By Tony Winterburn • 04 September 2020 • 8:23
Construction workers in Madrid rush to complete the 1,000-bed 'covid' hospital. image: Twitter
A new hospital is being hurriedly built near Madrid airport as the city braces for a second wave of the coronavirus.
AN army of cranes fills the skyline while workers toil round the clock to build the new special pandemic hospital which is expected to be finished by November. Whether we choose to admit it or not the second wave of the Covid-19 outbreak is already underway in Spain, and it is straining the capital’s public health care system to the core.
It is understood that around 400 builders have been working round the clock since July to build the 45,000-square-metre (484,000-square-foot) 1,000 bed Isabel Zendal hospital. The facility will be the first in Spain to be purpose-built for the crisis which will be similar in operation to the NHS Nightingale hospitals in the UK.
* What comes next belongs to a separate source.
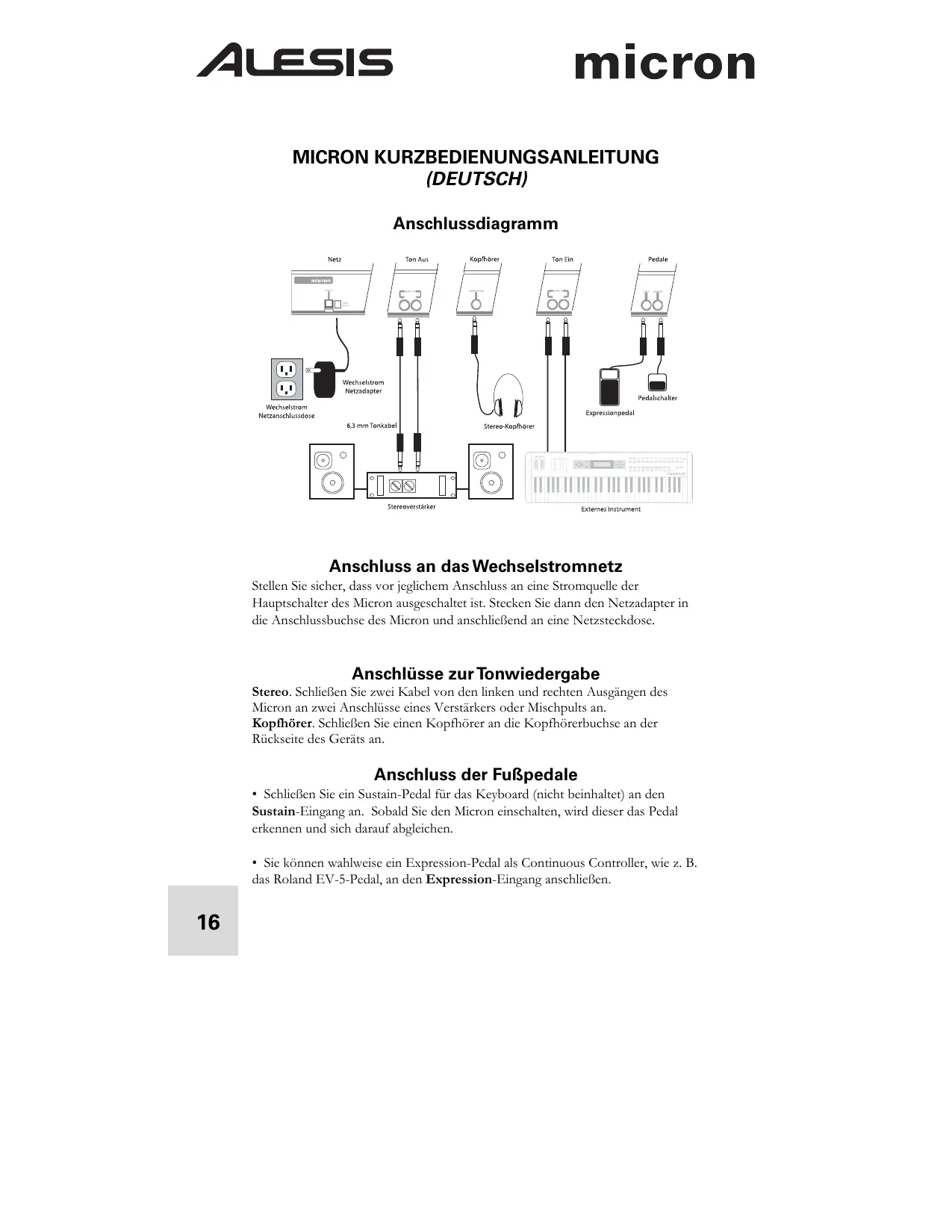 MICRON KURZBEDIENUNGSANLEITUNG (DEUTSCH) Anschlussdiagramm Anschluss an das Wechselstromnetz Stellen Sie sicher, dass vor jeglichem Anschluss an eine Stromquelle der Hauptschalter des Micron ausgeschaltet ist. Stecken Sie dann den Netzadapter in die Anschlussbuchse des Micron und anschließend an eine Netzsteckdose. Anschlüsse zur Tonwiedergabe Stereo. Schließen Sie zwei Kabel von den linken und rechten Ausgängen des Micron an zwei Anschlüsse eines Verstärkers oder Mischpults an. Kopfhörer. Schließen Sie einen Kopfhörer an die Kopfhörerbuchse an der Rückseite des Geräts an. Anschluss der Fußpedale

NHS nightingale hospitals in the UK are prepared and set up for an expected second wave of the virus. image: Wikipedia
The regional government of Madrid is spending an estimated €50 million to build the hospital, which will have bay windows and will allow doctors to monitor patients without becoming contaminated and will also include large halls without individual rooms.
The architecture was designed to “avoid transmission” of viruses. The inspiration came from the design of a temporary field hospital which was set up at Madrid’s sprawling Ifema exhibition centre between March and May, said Mirando.
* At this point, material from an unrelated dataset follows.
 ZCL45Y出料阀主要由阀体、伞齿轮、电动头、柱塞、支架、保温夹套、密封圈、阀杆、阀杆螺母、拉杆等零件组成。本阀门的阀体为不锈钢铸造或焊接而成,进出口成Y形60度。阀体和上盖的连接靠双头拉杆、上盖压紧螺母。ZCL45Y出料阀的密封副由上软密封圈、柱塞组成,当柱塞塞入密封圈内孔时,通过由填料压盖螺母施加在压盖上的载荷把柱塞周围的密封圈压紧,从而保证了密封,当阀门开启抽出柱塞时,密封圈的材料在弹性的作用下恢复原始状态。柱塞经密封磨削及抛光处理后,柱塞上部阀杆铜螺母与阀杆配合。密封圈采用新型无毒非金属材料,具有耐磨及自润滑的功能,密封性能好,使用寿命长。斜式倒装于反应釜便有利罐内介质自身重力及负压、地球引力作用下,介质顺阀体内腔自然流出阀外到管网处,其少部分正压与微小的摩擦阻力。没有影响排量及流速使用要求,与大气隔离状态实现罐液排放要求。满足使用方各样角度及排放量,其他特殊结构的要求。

It is feared that the opening of the new hospital, however, will come too late to deal with a surge in infections in the Madrid region, which Prime Minister Pedro Sanchez has called “worrying.”
Madrid accounts for almost a third, 73, of the 191 Covid-19 deaths recorded in Spain in the last week, and for nearly a third of the country’s total toll of 29,000 deaths. The rapid surge in infections is “similar to that at the beginning of the pandemic,” said Silvia Duran, a spokeswoman for doctors’ union Amyts.
Lawsuit by Spanish doctors
A group of Spanish doctors in Madrid are planning to file a lawsuit against the regional government while hundreds of other doctors across the country have signed an open letter demanding that the regional government “act to avoid a new collapse” in the health system.
Among the demands of health care workers is greater use of telemedicine – “It is us who are going to get sick,” said Duran of doctors’ union Amyts. The doctor recounted that in April this year healthcare workers accounted for around 20 per cent of all Covid-19 cases in Spain, the highest proportion in the world, according to the European Centre for Disease Prevention and Control.
At the beginning of the pandemic, China amazed the world by building a 1,000-bed hospital in just 48 hours.